Wykonawca nowej linii tramwajowej w Olsztynie dostał już kilkadziesiąt zgłoszeń od osób, które zniszczyły sobie samochody na tymczasowych drogach dojazdowych. Problem dotyczy miejsc, gdzie ulice zostały rozkopane i formalnie są placem budowy, ale jednocześnie są jedynymi drogami dojazdowymi do domów czy firm.
Tak jest np. na alei Piłsudskiego w rejonie Planetarium. Pan Robert mieszka i pracuje przy ul. Narutowicza. Aby się tam dostać, musi przejechać fragment przebudowywanej alei Piłsudskiego. Nie ma na niej asfaltu, jest tylko utwardzona nawierzchnia gruntowa. Niestety – na początku tygodnia – pan Robert uszkodził sobie na niej samochód.
Próbowałem dostać się do ulicy Narutowicza, niestety najechałem na głaz, który był ukryty pod cienką warstwą piasku. Samochód się zawiesił. Pojechałem do warsztatu, okazało się, że został wyrwany układ wydechowy, połamały się też plastikowe elementy podwozia
– opisuje pan Robert.
Koszt naprawy wstępnie wyceniono na kilka tysięcy złotych.
Pan Robert wezwał policję, zrobił zdjęcia i teraz będzie wnioskował o odszkodowanie. Zazwyczaj, jeśli kierowca uszkodzi sobie auto na miejskiej drodze, o pieniądze może zwrócić się do Zarządu Dróg, Zieleni i Transportu w Olsztynie. Jednak w przypadku tymczasowych dojazdów przez ulicę będącą tymczasowym placem budowy, właściwy adresat jest nieco inny.
Jeśli szkoda miała miejsc na terenie prac związanych z inwestycją tramwajową, taka osoba zostanie skierowana do wykonawcy inwestycji, który wraz z przejęciem danego terenu przejął także odpowiedzialność za jego utrzymanie i przyjmuje roszczenia w przypadku ewentualnych szkód powstałych na terenie budowy
– wyjaśnia Michał Koronowski z Zarządu Dróg, Zieleni i Transportu.
Z tym utrzymaniem bywa jednak różnie.
W czasie, jak oczekiwałem na policję, zauważyłem, że drogowcy próbują bardzo szybko załatać ten nieprzejezdny odcinek. Fakt faktem, że często jak prosimy jako mieszkańcy, by poprawić stan ulicy, to drogowcy mówią, że nie ma problemu i łatają. Dla nas to ważne, tutaj mieszkamy, musimy dojechać, ludzie prowadzą firmy, do nich też muszą dojechać klienci
– mówi pan Robert.
W tym przypadku wykonawcą – czyli podmiotem odpowiedzialnym za stan drogi – jest Polimex-Mostostal.
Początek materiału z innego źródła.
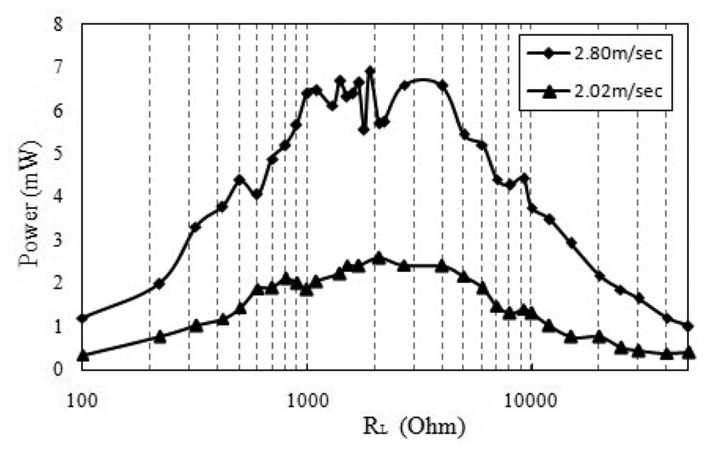 Our system described in this paper is composed of two parts: (1) a flutter belt to transform the airflow into vibration energy, and (2) the electromagnetic resonator to convert the vibrations into electrical energy. The design rules of electromagnetic generator have been discussed by others already (e.g., see Roundy [] and Beeby, et al. []). The potential power harvesting capabilities for typical ambient energy sources is provided as follows. Ambient light could provide a power density of ∼100mW/cm2 for a device directed towards bright sunlight, and ∼100 μW/cm2 for a device illuminated by office light. The power density of thermoelectric device is about 60 μW/cm2; the power density of vibration source is from 4 μW/cm3 (human motions) to 800 μW/cm3 (machines) []. The volume of the core of our electromagnetic resonator (as shown in Figure 8) is about 15 cm3, which could provide nearly 7 mW of electrical power according to Figure 11. Hence, the output power density of our system described in this paper is about 445 μW/cm3.

Marek Dębski, przedstawiciel firmy, zapewnia, że spółka stara się zachować stan nawierzchni, ale w przypadku drogi gruntowej nie da się całkowicie uniknąć nieprzyjemnych zdarzeń.
To jeden z podstawowych obowiązków budowy, żeby drogi tymczasowe były utrzymywane w takim stanie, by zapewnić bezpieczeństwo użytkownikom. To jest proces ciągły. Możemy powiedzieć, że taka inwestycja zwiększa ilość takich zdarzeń, natomiast one po prostu są nieuniknione
– mówi Marek Dębski.
Urzędnicy radzą, by w przypadku uszkodzenia pojazdu wezwać policję i dobrze udokumentować, co się stało. Firmy budowlane ubezpieczają też budowy na wypadek takich zdarzeń.